------ Excerpted records
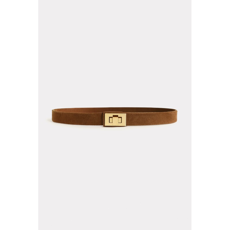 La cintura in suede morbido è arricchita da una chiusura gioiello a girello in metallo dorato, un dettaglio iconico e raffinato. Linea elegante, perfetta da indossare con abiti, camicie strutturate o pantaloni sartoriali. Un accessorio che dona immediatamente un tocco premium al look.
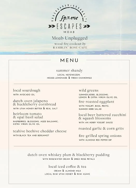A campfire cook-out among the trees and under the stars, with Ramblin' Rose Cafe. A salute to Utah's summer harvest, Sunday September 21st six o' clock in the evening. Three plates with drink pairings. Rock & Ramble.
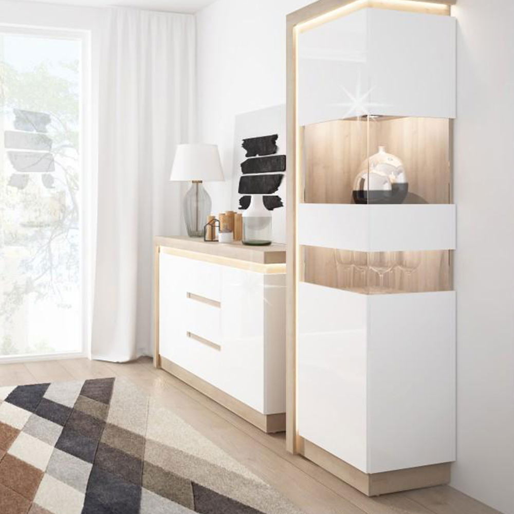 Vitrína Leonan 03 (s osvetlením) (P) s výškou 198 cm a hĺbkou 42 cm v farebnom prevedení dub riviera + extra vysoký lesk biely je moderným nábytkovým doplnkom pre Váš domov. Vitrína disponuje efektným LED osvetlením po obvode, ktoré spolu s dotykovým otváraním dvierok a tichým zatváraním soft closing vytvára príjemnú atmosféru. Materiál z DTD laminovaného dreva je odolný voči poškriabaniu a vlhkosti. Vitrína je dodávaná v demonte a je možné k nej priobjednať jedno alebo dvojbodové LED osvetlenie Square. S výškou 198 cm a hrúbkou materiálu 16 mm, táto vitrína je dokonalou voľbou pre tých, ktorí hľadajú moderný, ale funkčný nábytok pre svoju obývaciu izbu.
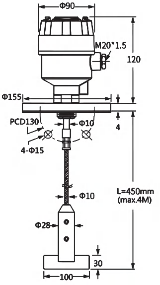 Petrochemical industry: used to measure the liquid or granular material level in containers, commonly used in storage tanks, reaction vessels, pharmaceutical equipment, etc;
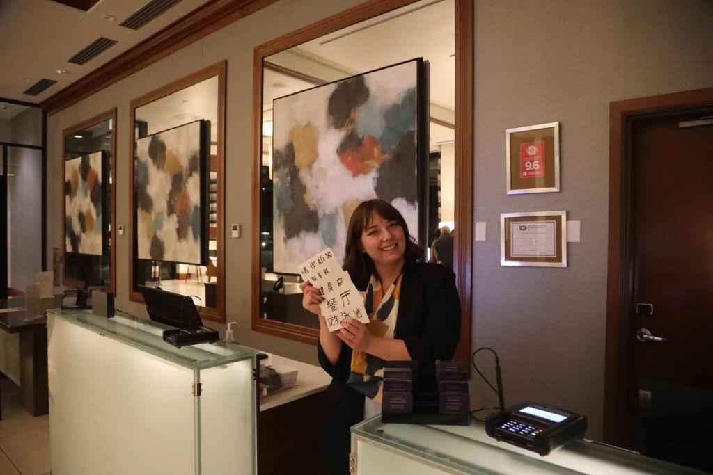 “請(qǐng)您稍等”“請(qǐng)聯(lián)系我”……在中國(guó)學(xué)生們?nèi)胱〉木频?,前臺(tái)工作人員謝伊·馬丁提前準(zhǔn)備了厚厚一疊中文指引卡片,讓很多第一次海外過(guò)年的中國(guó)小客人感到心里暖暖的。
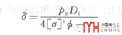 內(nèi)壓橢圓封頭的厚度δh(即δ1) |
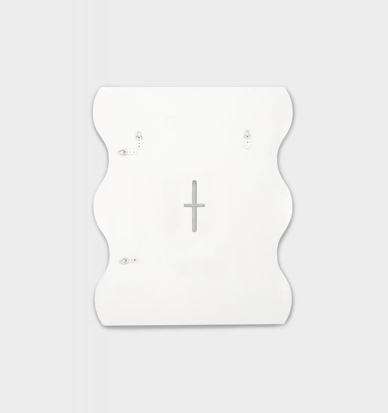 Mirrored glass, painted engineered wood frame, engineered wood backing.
------------
[Your goal]: Give back the records word for word, without their pictures.

[Solution for this problem]:
 La cintura in suede morbido è arricchita da una chiusura gioiello a girello in metallo dorato, un dettaglio iconico e raffinato. Linea elegante, perfetta da indossare con abiti, camicie strutturate o pantaloni sartoriali. Un accessorio che dona immediatamente un tocco premium al look.
A campfire cook-out among the trees and under the stars, with Ramblin' Rose Cafe. A salute to Utah's summer harvest, Sunday September 21st six o' clock in the evening. Three plates with drink pairings. Rock & Ramble.
 Vitrína Leonan 03 (s osvetlením) (P) s výškou 198 cm a hĺbkou 42 cm v farebnom prevedení dub riviera + extra vysoký lesk biely je moderným nábytkovým doplnkom pre Váš domov. Vitrína disponuje efektným LED osvetlením po obvode, ktoré spolu s dotykovým otváraním dvierok a tichým zatváraním soft closing vytvára príjemnú atmosféru. Materiál z DTD laminovaného dreva je odolný voči poškriabaniu a vlhkosti. Vitrína je dodávaná v demonte a je možné k nej priobjednať jedno alebo dvojbodové LED osvetlenie Square. S výškou 198 cm a hrúbkou materiálu 16 mm, táto vitrína je dokonalou voľbou pre tých, ktorí hľadajú moderný, ale funkčný nábytok pre svoju obývaciu izbu.
 Petrochemical industry: used to measure the liquid or granular material level in containers, commonly used in storage tanks, reaction vessels, pharmaceutical equipment, etc;
 “請(qǐng)您稍等”“請(qǐng)聯(lián)系我”……在中國(guó)學(xué)生們?nèi)胱〉木频?,前臺(tái)工作人員謝伊·馬丁提前準(zhǔn)備了厚厚一疊中文指引卡片,讓很多第一次海外過(guò)年的中國(guó)小客人感到心里暖暖的。
 內(nèi)壓橢圓封頭的厚度δh(即δ1) |
 Mirrored glass, painted engineered wood frame, engineered wood backing.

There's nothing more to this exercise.